Applying deep learning models to predict short-term water levels in Lake Vesijärvi in Lahti, Finland

Abstract

The water level of a lake impacts both its ecological systems and surrounding human societies. With climate change intensifying extreme weather events, fluctuation patterns of lakes’ water levels could be affected and force changes in water resource management and natural disaster control. Therefore, accurate and stable water level forecasting models can greatly help regions where a lake is a significant part of societal activities. The emergence of machine learning technologies and, particularly, deep learning technologies, offers a great opportunity to enhance estimation accuracy and shorten development time with reasonable resources. Current literature indicates limited adoption of deep learning models for lake water level forecasting in Finland as of this writing.

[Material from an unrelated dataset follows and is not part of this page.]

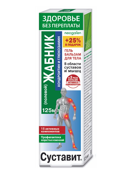 Способствует нормализации функционального состояния. Обеспечивает структурными элементами для активного обновления и гибкости. Стимулирует естественную регенерацию тканей, препятствует развитию деструктивных процессов и старению. Действие и эффективность гелябальзама для тела обеспечены высокой биологической активностью его натуральных компонентов, обладающих выраженным положительным комплексным действием. Жабник полевой многолетнее растение. При заболеваниях суставов активизирует минеральный (кальциевофосфорный) обмен, оказывает противомикробное, противовоспалительное, жаропонижающее и успокаивающее действие. Повышает проницаемость тканей, способствуя глубокому проникновению лечебных компонентов. Хондроитин сульфат – основной структурный компонент хряща и естественный защитник (хондропротектор) его клеток. Вырабатывается хрящевой тканью суставов. Повышает влагоемкость хряща, предотвращает его высыхание. Обеспечивает механические и эластические свойства суставных поверхностей, улучшает качество суставной смазки (синовиальной жидкости). Глюкозамина гидрохлорид – неотъемлемый элемент хрящевой ткани. Обеспечивает выработку хондроитина, улучшает обменные процессы в суставах. Стимулирует производство глюкозаминоглюканов, необходимых для восстановления хряща. Способствует регенерации поврежденного хряща при воспалительных и деструктивных процессах. Снижает болевые ощущения.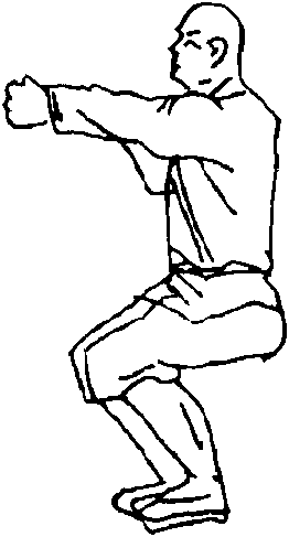 尖点地两腿屈膝半蹲(图1一6)尖点地两腿屈膝半蹲(图1一6)练法及用法平常多练习双腿半蹲收步提脚跟以半蹲势向前跳步后仍然落成半蹲势成虚步站立。注意身体重心始终放在脚掌踏实的一条腿上。束身虚步左右交替练习纯熟后再练习拳和掌的劈、打、推、击、挑、砍、勾、挂、撩等其它动作和收势。虚步主要用于敌强我弱的情况下使用闪避腾挪之法以防受敌重击有利于攻防进

Since the deep learning models’ performance can differ greatly due to the lakes’ unique hydrological characteristics, a universal forecasting model may not be realistic. Therefore, conducting systematic experiments is necessary for developing accurate models of a particular lake. However, it is feasible to create a research methodology that can be readily replicated in other lakes and even applied to different fields where deep learning-based time series forecasting is relevant. In this study, Long Short-Term Memory and Gated Recurrent Unit were chosen to perform 1-day, 3-day, and 7-day predictions for the water level of Lake Vesijärvi in Lahti, Finland. The results of this research were promising, all trials achieved a Nash-Sutcliffe Efficiency above 0.95 and a Root Mean Squared Error below 0.025. Long Short-Term Memory and Gated Recurrent Unit showed similar performance whereas the best models for each experiment group are based on single-layer bidirectional Gated Recurrent Unit structures. Thus, the methodology developed in this study proves effective and holds potential for various time series forecasting applications.